Overview
This was the workbench, not the product. The question was simple to ask and annoying to answer: which statistical measures actually distinguish a meaningful absence pattern from random noise? Rather than guess, the approach was to generate synthetic attendance data with known patterns baked in, then throw candidate functions at it and see which ones reliably told consecutive absences apart from scattered ones.
It's the prototyping layer that fed the Student Absence Anomaly Detection tool -; the place where the math got argued with before it got shipped.
Background
The honest reason this exists as its own entry: most of the value of the absence work was in the experimentation, not the final detector. Using AI as a fast collaborator made it cheap to test a hypothesis, look at the result, and throw the idea out within minutes -; which is exactly what you want when you're hunting for the right statistical signal and have no idea up front which one it'll be.
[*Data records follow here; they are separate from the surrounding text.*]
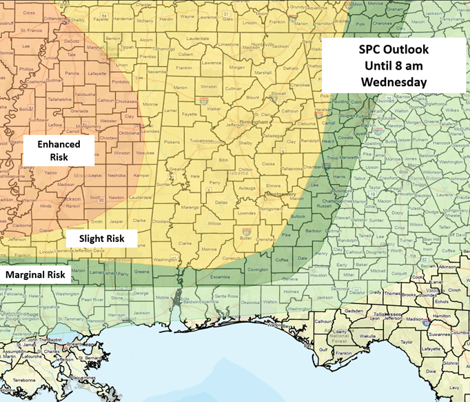 The second threat will be a Mesoscale Convective System (MCS) or large cluster of storms that will reach western Alabama late this afternoon or early evening and move eastward through early Wednesday morning. Damaging wind gusts, hail, and very heavy rainfall are the main threats, although a couple of tornadoes are also possible, mainly in the western sections of the state. There could be pockets of widespread damaging wind gusts with this cluster as it moves through Alabama.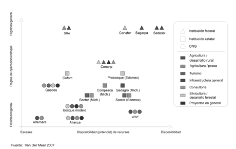 Como se muestra en la figura ii,[16] son muchas las instituciones y organizaciones; además estaban implementando una gran variedad de programas[17] con la finalidad de promover la aceptación de la reserva por parte de la población local. En esta figura también se señala que había diferencias considerables no sólo en cuanto al enfoque sectorial, sino también con respecto a las modalidades y reglas de operación, así como a los recursos financieros que tienen a su disposición los actores respectivos. En lo que concierne a las modalidades de operación, se pueden distinguir programas relativamente rígidos con una limitada flexibilidad operativa, comúnmente gestionados por instituciones federales que disponen de recursos considerables. Por otra parte, las instituciones estatales y las ong es frecuente que se caractericen por una mayor flexibilidad administrativa. Sin embargo, generalmente no tienen igual acceso a recursos financieros. Cabe destacar que también hay excepciones, por ejemplo, las instituciones estatales que reciben transferencias por parte del gobierno federal, o bien el World Wide Fund for Nature (wwf) que, al ser una prestigiosa ong internacional, está en condiciones de movilizar recursos notables.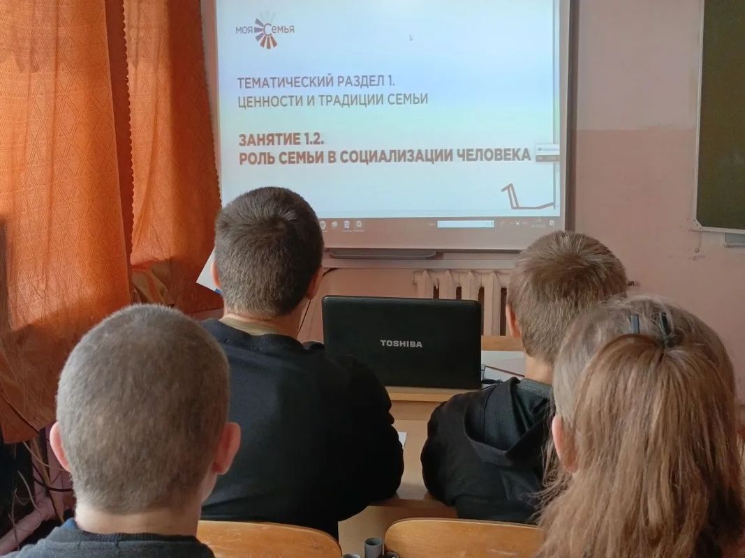 Семья — первый социальный институт, с которым знакомится ребенок, именно в семье усваивается множество навыков и норм, семья играет основную роль в формировании мировоззрения, нравственных норм поведения. Учащиеся познакомились с понятием социализация, обсудили, какие бытовые и социальные навыки привили им в семье, выполняли задания учителя, решали проблемные ситуации. В заключение занятия поразмышляли над высказыванием известного советского педагога В. А. Сухомлинского.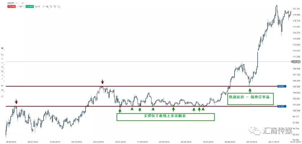 还要注意最后一个支撑位(~105.38)是如何在产生一个超级强劲的牛市移动之前几乎没有被触及的。从先前的摆动高点的快速反应,往往表示目前保持水平上有冲动和强大的订单流,这种动能会保持1-2个蜡烛图,随后再度冲高1500点。因此,在特定点位中,请务必注意这些变量蕴含的强大动能。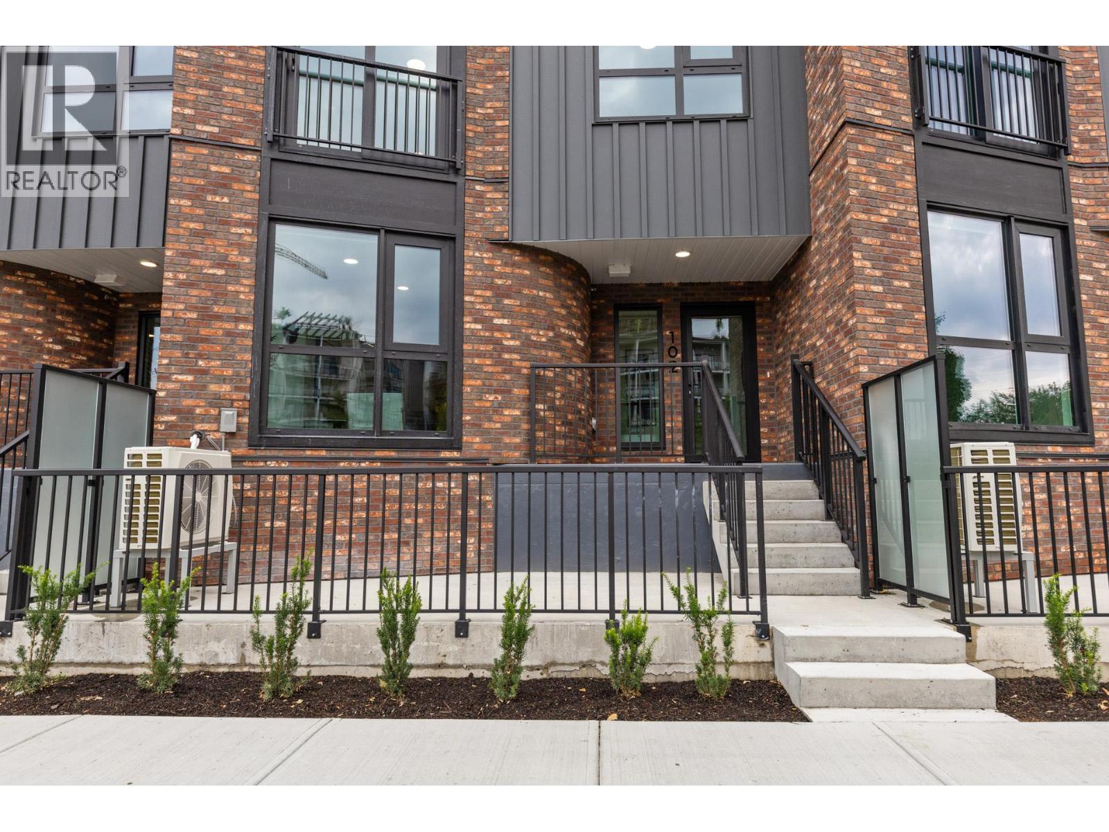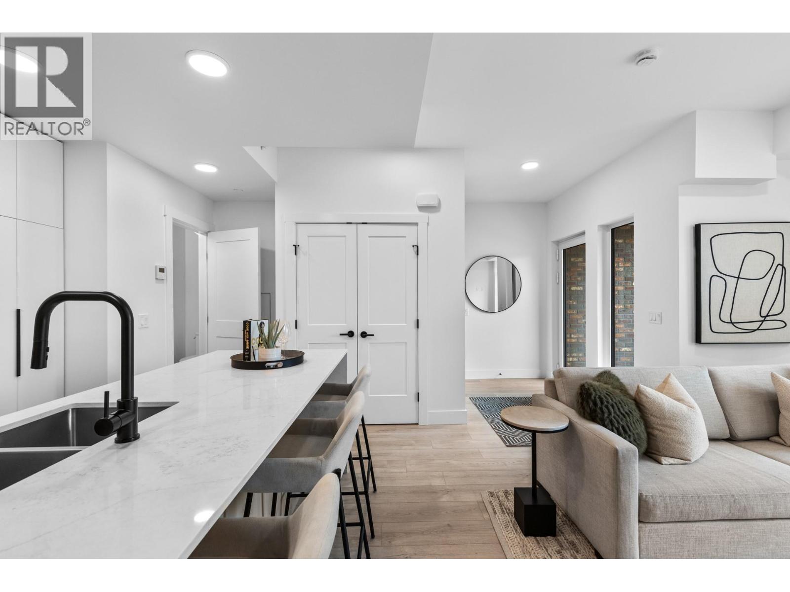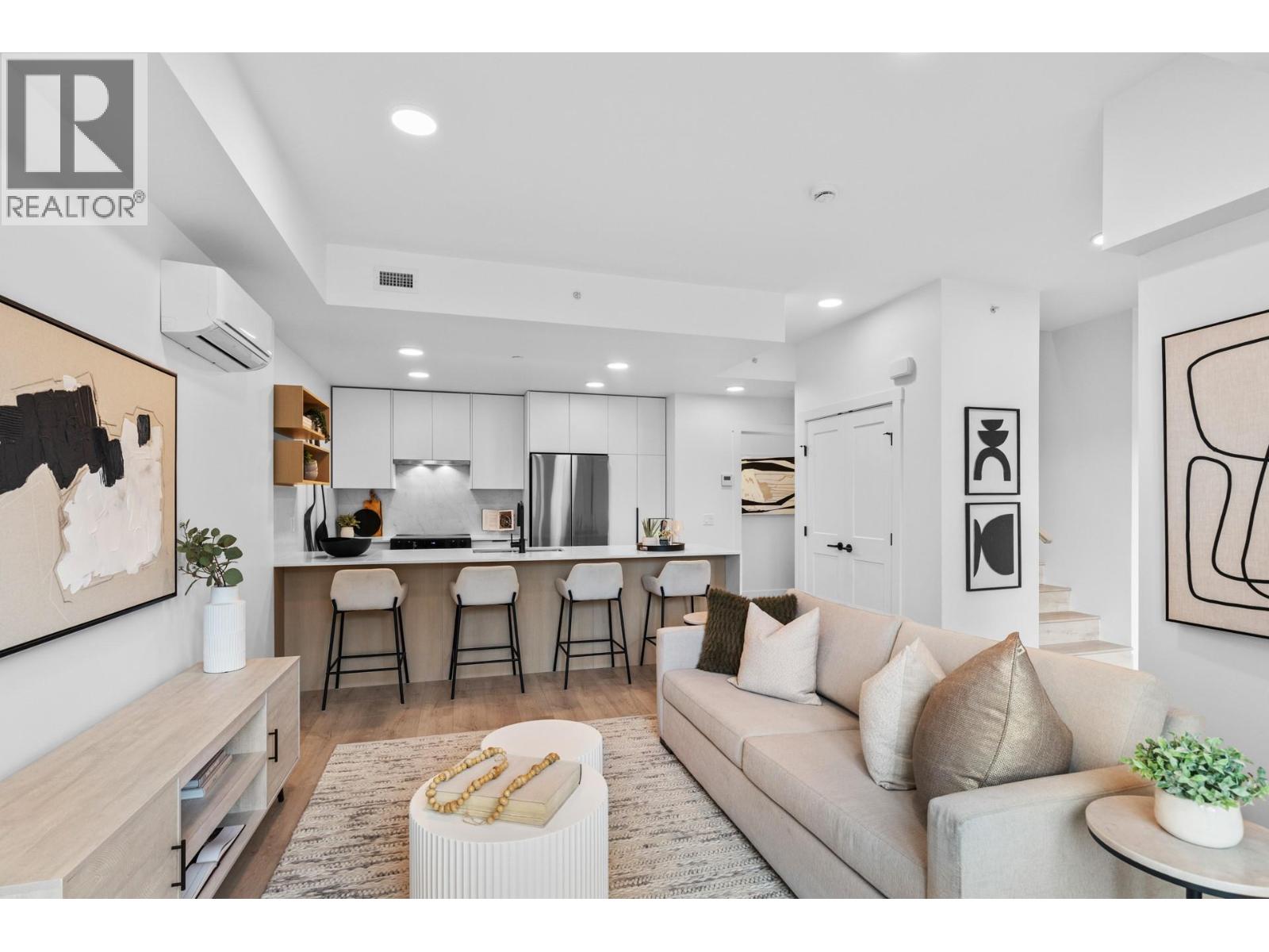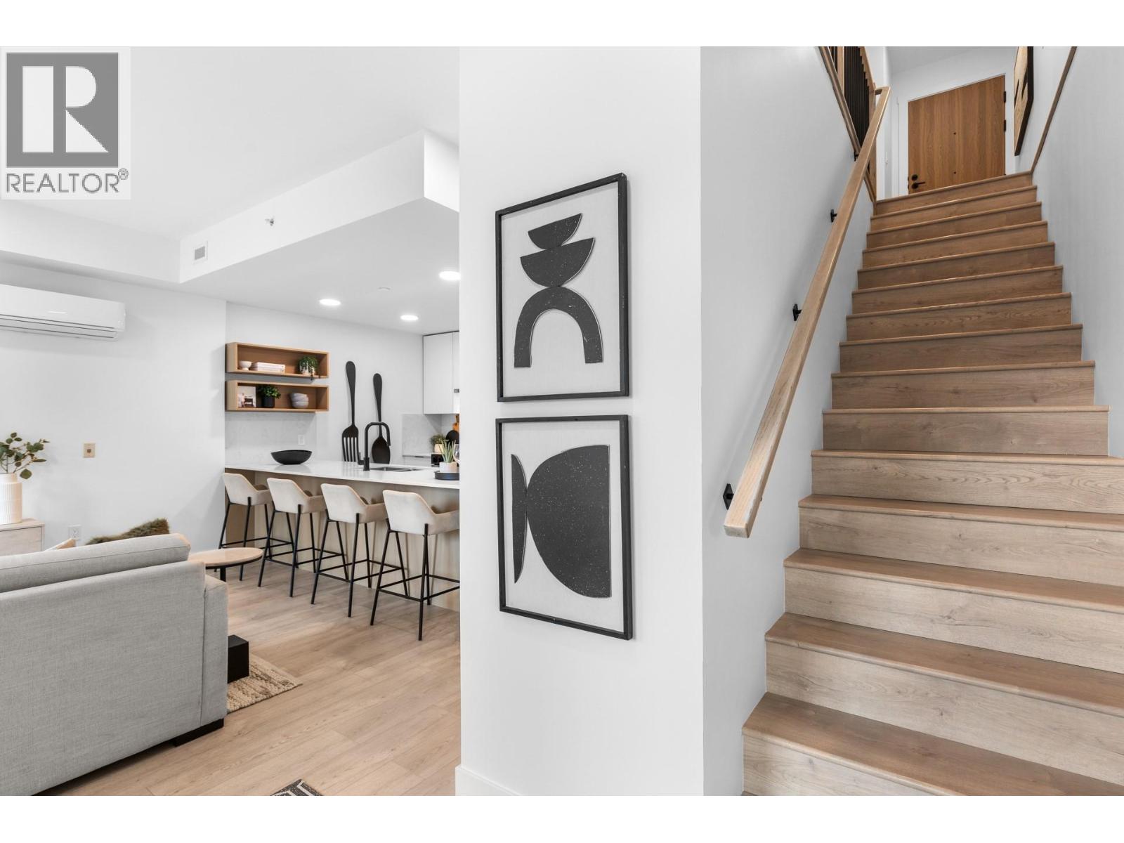 Brand new two storey townhouse style condo with street level entry, situated in downtown building Nolita. Enjoy the perks of condo living without sacrificing space. As you walk in from the quiet street, step into an open concept main floor features an upgraded quartz kitchen, full appliance package, and a light filled living/dining area, half bath on this floor as well. On the second floor, the spacious master suite includes a walk-in closet and its own fully tiled roomy walk-in shower, and double vanity. A second bedroom and a full bathroom along with the versatile den—ideal for home office, guest space, or hobby room. All the perks of downtown Kelowna are just outside your door: beaches, parks, craft breweries and restaurants. A New Home Warranty (2 5 10) ensures no surprise repair bills—just peace of mind. Strata fees cover nearly everything (you only pay your power & internet). Shared amenities include beautifully landscaped courtyard, gas BBQ lounge, fire table seating and an onsite dog park. It’s pet friendly with up to two pets of any size allowed. Smart building access includes secure entry, package management and elevator scheduling via the 1Valet app. Open house- walk ins welcome- Mon-Thur 11-7Pm and Fri-Sun 11-5PM (id:61840)

Synthetic datasets mattered here because real attendance data is messy and privacy-laden. Generating data with a known ground truth meant you could actually measure whether a function was picking up the pattern you planted or just hallucinating one.
How It Works
The loop: build a synthetic dataset with a deliberate pattern, compute a candidate measure across it, check whether the measure separated the planted signal from the control, keep or discard. Iterating this way surfaced the period-weighting, non-consecutivity, and spread measures that later anchored the production detector.
An attendance reformatter sat alongside this work as the practical data-prep step -; a browser-based tool (JavaScript, PapaParse, Lodash) that turns raw one-row-per-period exports into the consolidated one-row-per-student-day format the analysis expects.
Current Status
Archived as a Summer 2025 effort. It did its job -; the useful functions graduated into the absence detector -; so there's nothing more to do here. It's preserved as the record of how that detector's math got found.
- Statistical functions for consecutive-vs-scattered absence discrimination, validated on synthetic data.
- Browser-based attendance reformatter for data prep (drag-drop, client-side, CSV out).
- Outputs folded into Student Absence Anomaly Detection; closed out as a prototype.